Bosch Global Software Technologies Private Limited
123, Industrial Layout, Hosur Road, Koramangala, Bangalore – 560095, Karnataka, India
Robert Bosch GmbH
Postfach 30 02 20, 0-70442, Stuttgart, Germany

Inventors

1. Manojkumar Somabhai Parmar
#202, Nisarg, Apartment, Nr L G Corner, Maninagar, Ahmedabad, Gujarat, India
2. Yuvaraj Govindarajulu
#816, 16th A Main, 23rd B Cross, Sector-3, HSR Layout, Bengaluru, Karnataka 560102, India
3. Avinash Amballa
35-98, Alabana veedhi, Sree Ram Nagar colony, Nellimarla, Vizianagaram, Andhrapradesh, 535217 (IN)
4. Pavan Kulkarni
#33, "Kalpavruksha", 2nd Cross, Shreya Estate, Gokul Road, Hubli, Dharwad Dist., Karnataka, 580030, India

Specification

Description:Complete Specification:
The following specification describes and ascertains the nature of this invention and the manner in which it is to be performed.

Field of the invention
[0001] The present disclosure relates to the field of Artificial Intelligence security. In particular, it proposes a method of assessing vulnerability of an AI system and a framework thereof.

Background of the invention
[0002] With the advent of data science, data processing and decision-making systems are implemented using artificial intelligence modules. The artificial intelligence modules use different techniques like machine learning, neural networks, deep learning etc. Most of the AI based systems, receive large amounts of data and process the data to train AI models. Trained AI models generate output based on the use cases requested by the user. Typically the AI systems are used in the fields of computer vision, speech recognition, natural language processing, audio recognition, healthcare, autonomous driving, manufacturing, robotics etc. where they process data to generate required output based on certain rules/intelligence acquired through training.

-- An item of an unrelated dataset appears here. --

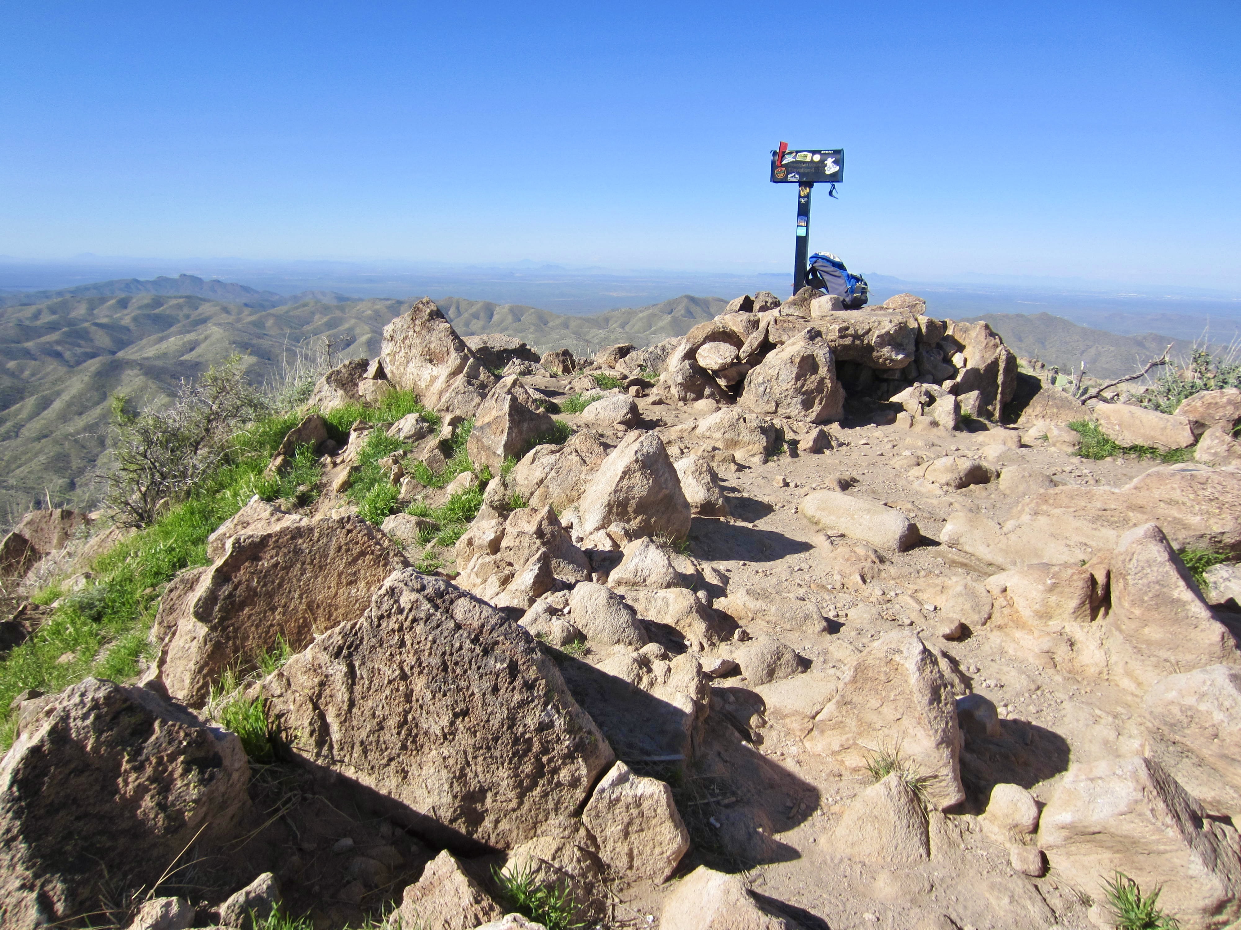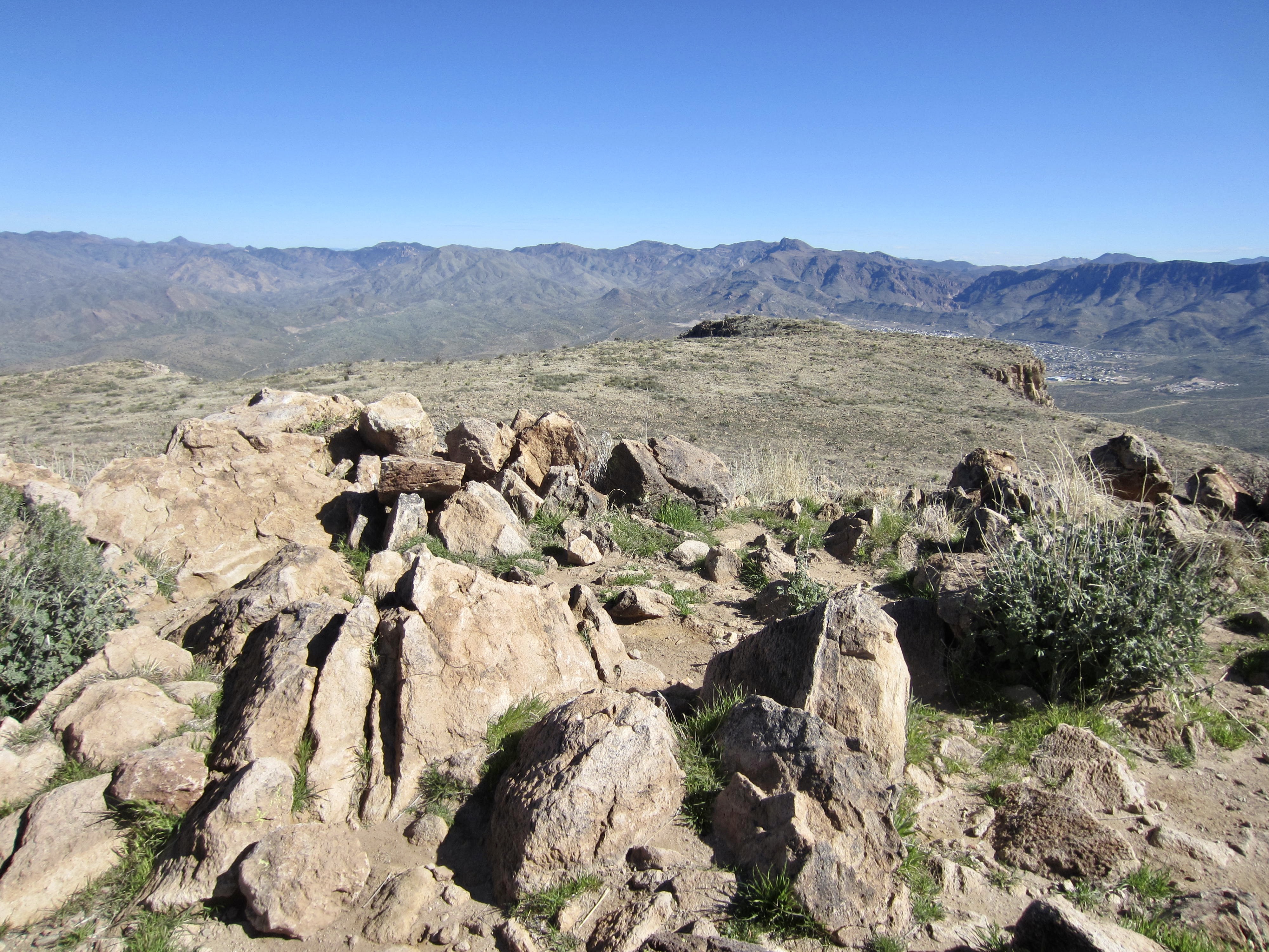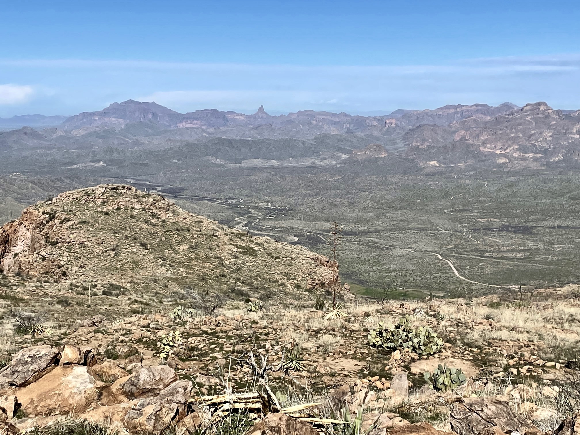 Because of this peak’s isolated position, nearby mountain views are fairly limited.  However, the Superstition Mountains were visible 17 miles to the northwest, and a variety of other sub-ranges could be seen farther away in all directions.

[0003] To process the inputs and give a desired output, the AI systems use various models/algorithms which are trained using the training data. Once the AI system is trained using the training data, the AI systems use the models to analyze the real time data and generate appropriate result. The models may be fine-tuned in real-time based on the results. The models in the AI systems form the core of the system. Lots of effort, resources (tangible and intangible), and knowledge goes into developing these models.

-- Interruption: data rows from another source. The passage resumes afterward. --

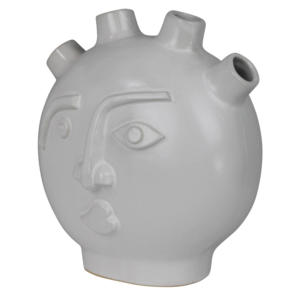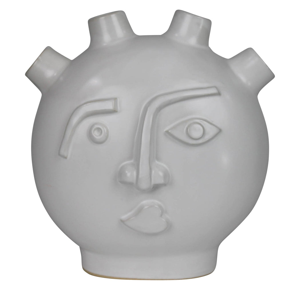 Ceramic vase with a matte white finish, featuring a unique abstract face design. Four single-stem openings allow for minimalist floral arrangements, adding a modern, artistic touch to any space while creating an elegant focal point in your décor. .Dimensions: 7 x 4.5 x 7
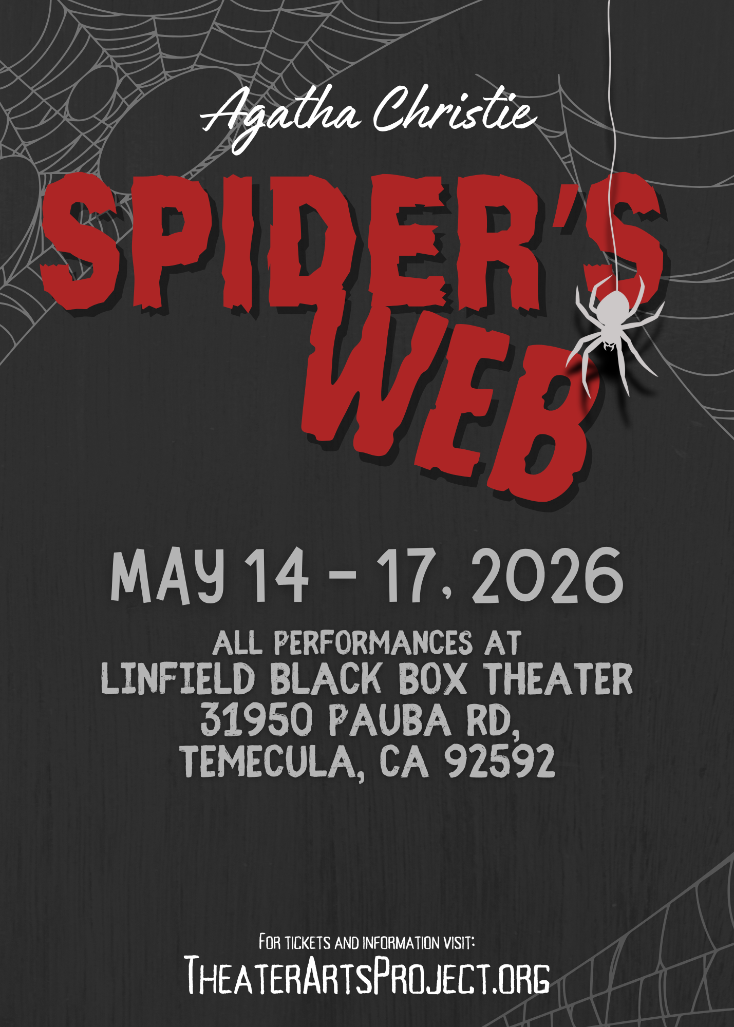 Spider’s Web, Agatha Christie’s clever and fast-paced mystery comedy! Set in an English country house full of secrets, the play follows the imaginative and quick-thinking Clarissa Hailsham-Brown, who unexpectedly finds herself dealing with a very real crime—and must rely on her creativity and confidence to stay one step ahead.
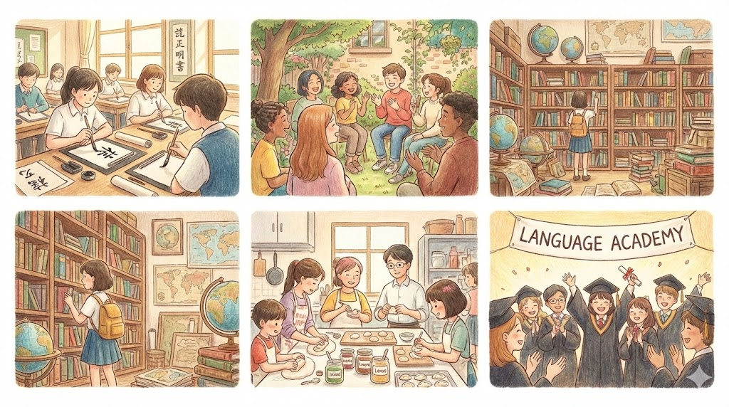 외국어를 전문적으로 가르치는 사설 교육 기관을 의미합니다. 회화, 문법, 자격증 시험 대비 등을 목적으로 하며, 한국의 '영어 학원'이나 해외의 '랭귀지 스쿨'을 지칭할 때 쓰입니다.
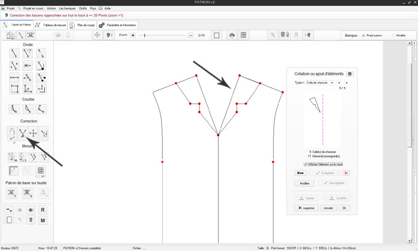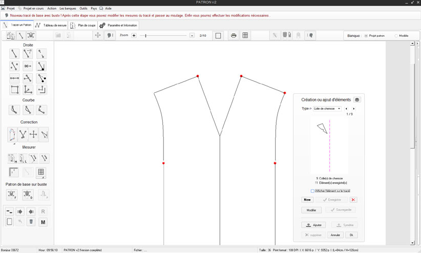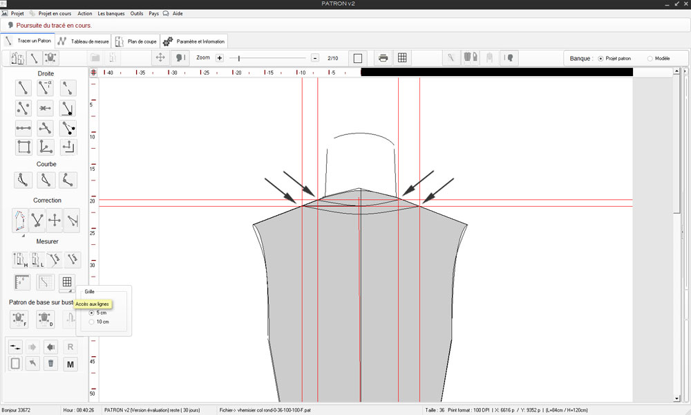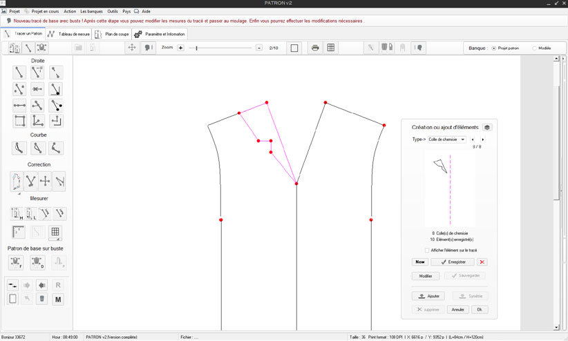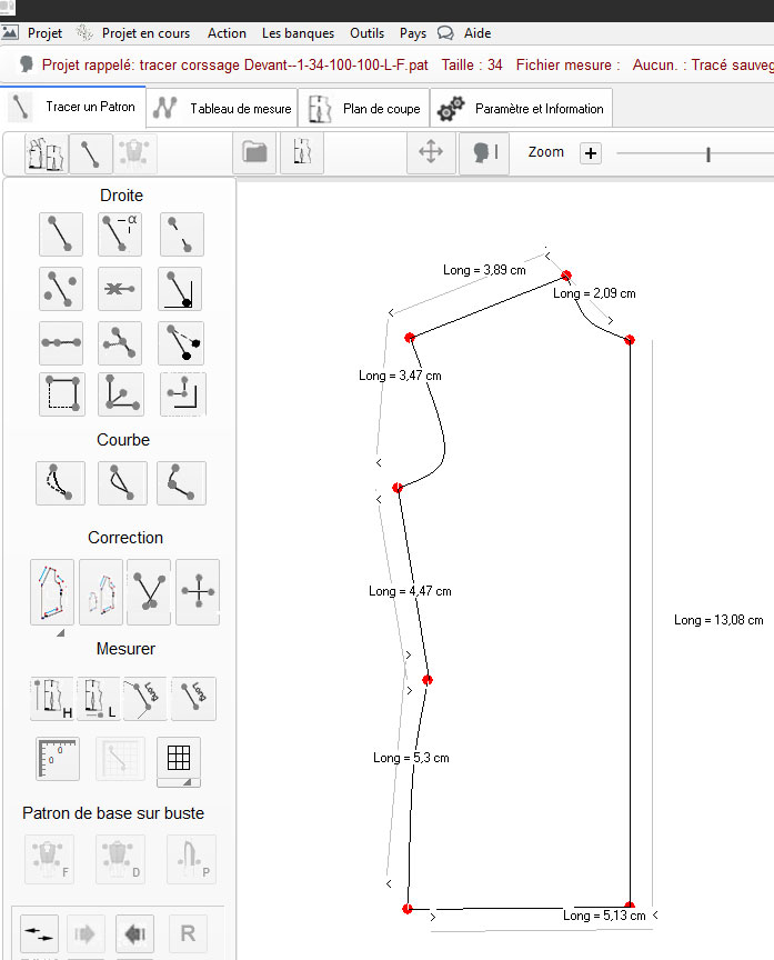 dimensions du tracé ceci avant de nommer les droites ou courbes et enfin de synchroniser les réelles mesures du tracé avec le fichier de mesure associé.4) procéder à l'isolation du contour complet du tracé du patron (voir isolation)

[0004] It is possible that some adversary may try to tamper/manipulate/evade the model in AI Systems to create incorrect outputs. The adversary may use different techniques to manipulate the output of the model. As the AI model forms the core of the AI system, the module needs to be protected against attacks. The most common types of adversarial threats can be largely categorized into – model extraction attacks, inference attacks, evasion attacks, and data poisoning attacks. In model extraction attacks, the attacker gains information about the model internals through analysis of input, output, and other external information. Inference attacks attempt to infer the training data from the corresponding output or other information leaked by the target model. In poisoning attacks, the adversarial carefully inject crafted data to contaminate the training data which eventually affects the functionality of the AI system. In Evasion attacks, the attacker works on the AI algorithm's inputs to find small perturbations leading to large modifications of its outputs (e.g., decision errors) which leads to evasion of the AI model. In sponge attacks, the attacker manipulates the input in a way that the energy and the run-time of the model inference is increased. Thereby causing a compromise in the response time and Quality of Service of the AI System.

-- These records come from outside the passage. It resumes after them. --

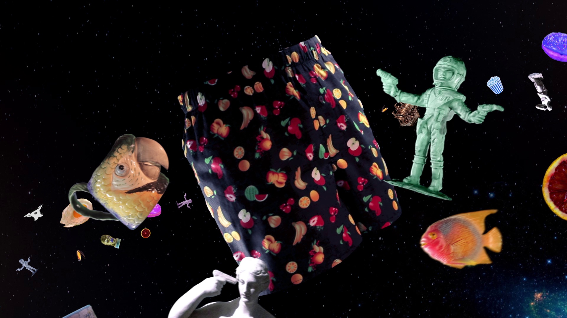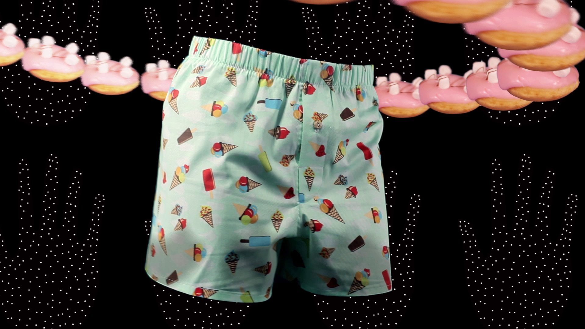 Le chic branché sous le pantalon. Avec ses motifs en cornets de glace, épis de maïs, aztèques et symboles gouachés à l’effet mister freeze, Damoiseaux surprend encore avec un lookbook au visuel décalé et artsy signé pastapastheque!
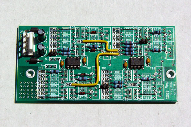 This is a photo of the assembled MUUB-4 which will mount as a daughterboard on a MOTM-890 uMixer.
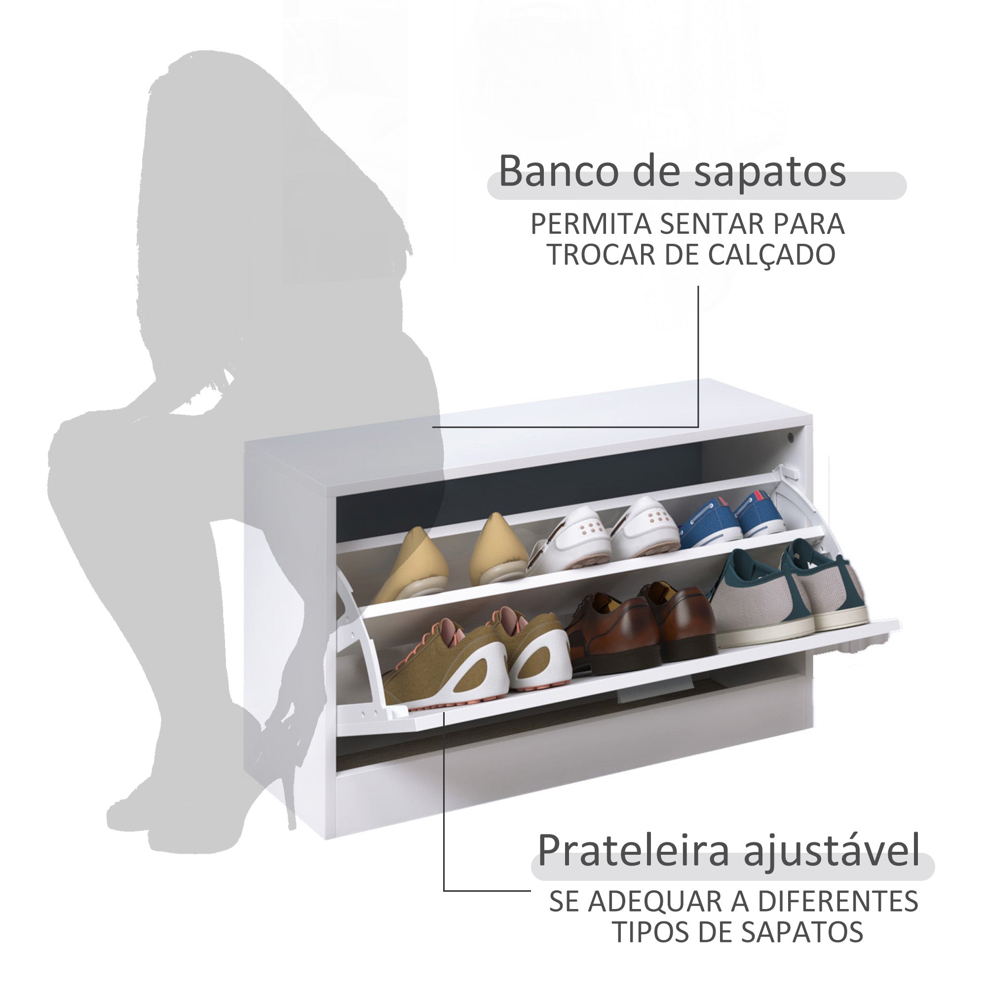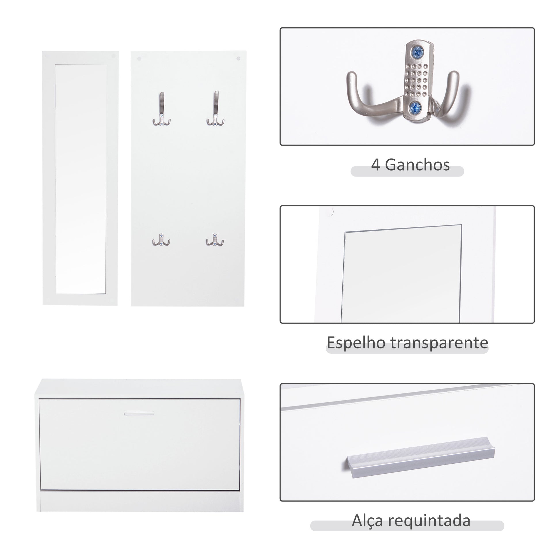 Móvel Cabide de Entrada 3 em 1 Branco 80x27x46,5cm

[0005] The present disclosure deals with Sponge attacks or energy-latency attacks. These attacks are targeted towards an AI system with the goal of increasing the energy consumption and the run-time (latency) of the system, thereby causing system performance degradation and Denial-of-service of the system. This is particularly a concern for AI system running on battery-operated devices. Battery operated devices largely rely on low-power and energy consumption for longer battery life and operation times. For several real-time applications such as industrial robots and autonomous driving, real-time response of the AI System is mission critical. An attack targeting system runtime will largely affect such system’s performance.

[0006] This will cause hardships to the original developer of the AI in the form of business disadvantages, loss of confidential information, loss of lead time spent in development, loss of intellectual properties, loss of future revenues etc. Hence, there is a need to assess the vulnerability of the AI system against those sponge attack-based input queries.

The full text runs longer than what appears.